WHAT THIS TASK INVOLVES. Each line below from the "Exercícios com o tornozelo" line through the "今年度は新型コロナウイルス感" line, those two included, must be restated word for word; the pictures must not be.

RECORDS FOR THE TASK.
════════════════

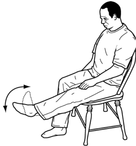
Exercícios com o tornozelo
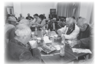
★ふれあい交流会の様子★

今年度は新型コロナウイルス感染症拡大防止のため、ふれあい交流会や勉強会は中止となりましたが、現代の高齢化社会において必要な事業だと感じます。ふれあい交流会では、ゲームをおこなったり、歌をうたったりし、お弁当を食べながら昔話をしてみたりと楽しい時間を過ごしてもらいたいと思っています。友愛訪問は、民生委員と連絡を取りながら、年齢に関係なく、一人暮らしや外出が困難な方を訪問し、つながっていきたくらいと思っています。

════════════════

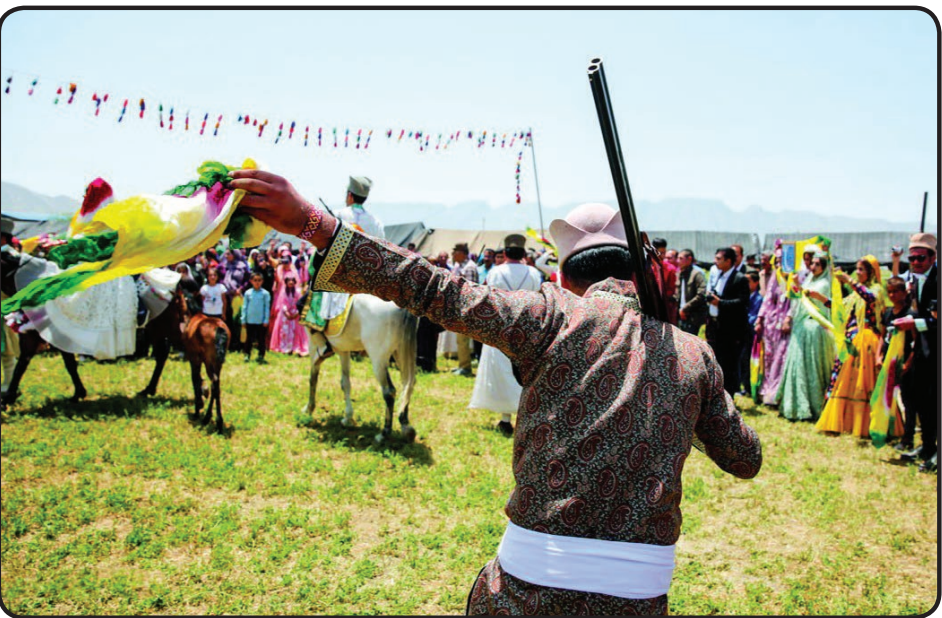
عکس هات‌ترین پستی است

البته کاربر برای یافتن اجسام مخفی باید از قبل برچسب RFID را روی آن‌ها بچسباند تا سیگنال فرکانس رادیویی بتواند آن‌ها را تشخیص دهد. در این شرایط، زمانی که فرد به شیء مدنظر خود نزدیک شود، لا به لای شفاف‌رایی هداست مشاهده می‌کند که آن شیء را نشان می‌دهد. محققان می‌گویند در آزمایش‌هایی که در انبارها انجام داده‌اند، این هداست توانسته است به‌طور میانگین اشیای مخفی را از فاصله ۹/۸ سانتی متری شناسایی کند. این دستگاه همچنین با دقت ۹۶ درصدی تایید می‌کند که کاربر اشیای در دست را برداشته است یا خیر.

════════════════

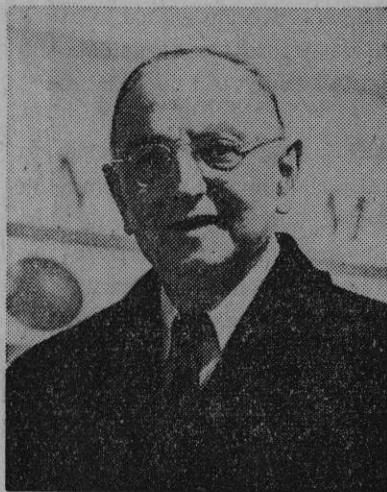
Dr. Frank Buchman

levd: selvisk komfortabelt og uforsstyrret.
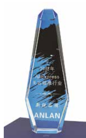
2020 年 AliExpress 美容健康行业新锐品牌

════════════════

ANSWER SPACE.
Exercícios com o tornozelo
★ふれあい交流会の様子★

今年度は新型コロナウイルス感染症拡大防止のため、ふれあい交流会や勉強会は中止となりましたが、現代の高齢化社会において必要な事業だと感じます。ふれあい交流会では、ゲームをおこなったり、歌をうたったりし、お弁当を食べながら昔話をしてみたりと楽しい時間を過ごしてもらいたいと思っています。友愛訪問は、民生委員と連絡を取りながら、年齢に関係なく、一人暮らしや外出が困難な方を訪問し、つながっていきたくらいと思っています。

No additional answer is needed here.